Shot underwater in a nicely decorated swimming pool, all but two of these mid-size prints depict fair-skinned women cavorting with diaphanous fabrics in an impressive variety of gymnastic poses. The remaining two images show sinewy men flaunting their physiques in less outlandish postures.

Each highly mannered picture goes to great lengths to try to endow a silly idea with the gravitas of artistic seriousness. The result is an overwrought cliche, one that would be funny if it weren’t burdened with such artsy pretense.

To their credit, Schatz’s photographs of several members of the San Francisco Ballet are masterfully crafted. The 32 images displayed all have been meticulously printed, with crystal-clear figures, pretty air bubbles and glassy reflections floating in front of dense black backgrounds. This velvety emptiness provides a stark contrast to shapely limbs, torsos, breasts and buttocks, which have been specially lighted so as to appear to be made of porcelain.
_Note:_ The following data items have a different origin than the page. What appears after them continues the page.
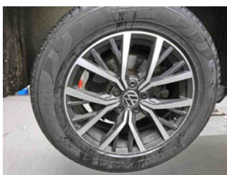
Räder - Rad montiert hinten rechts
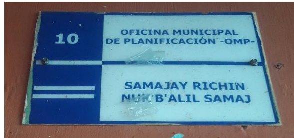
FOTOGRAFIA NO. 2
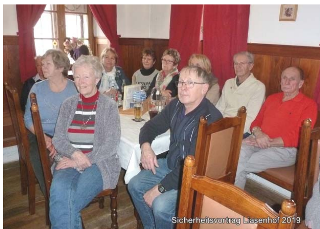
Sicherheitsvortrag Liasenhof 2019
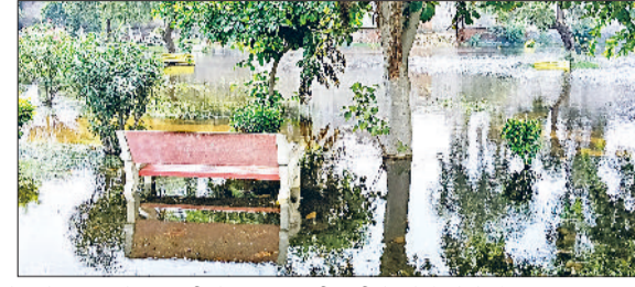
भिवानी। जमा सीवरेज व बरसाती पानी में डूबे डस्टबिन व पेड़-पौधे।
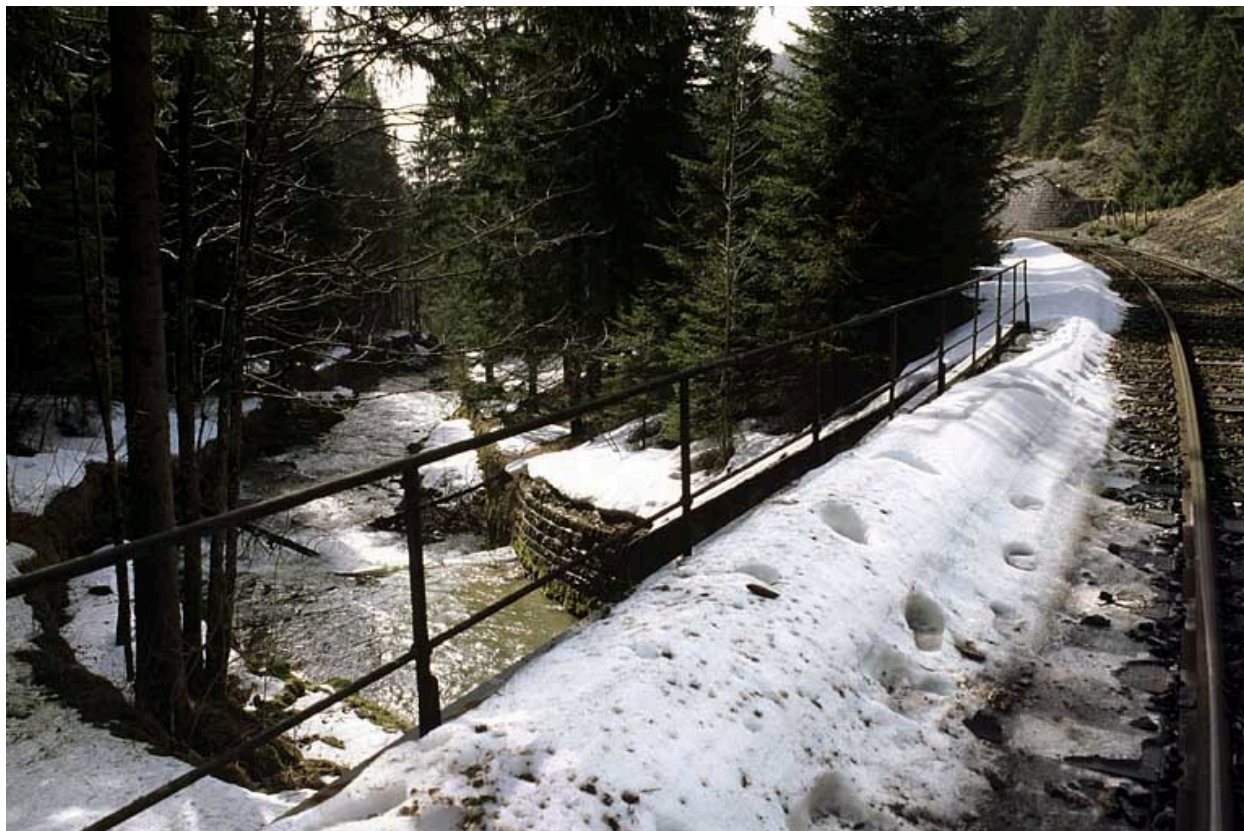
Garde-corps sud (aval) et ruisseau de l'Evalude canalisé.

Recalling stills from silent movies, Schatz’s photographs invite viewers to imagine how much time it must have taken to shoot them. With the waist-length locks of redheads and blonds drifting freely through the water and reams of sheer fabric keeping frontal nudity to a minimum, these images speak of a painstaking commitment to tasteful composition.

This high degree of technical facility, however, eliminates any possible trace of camp frivolity that otherwise might save Schatz’s photos from being tedious rehashes of shopworn conventions. As a body of work, “Waterdance” may dress up nude photography with technical wizardry, but it fails to deliver anything significantly different from what has already been seen to a point of overexposure.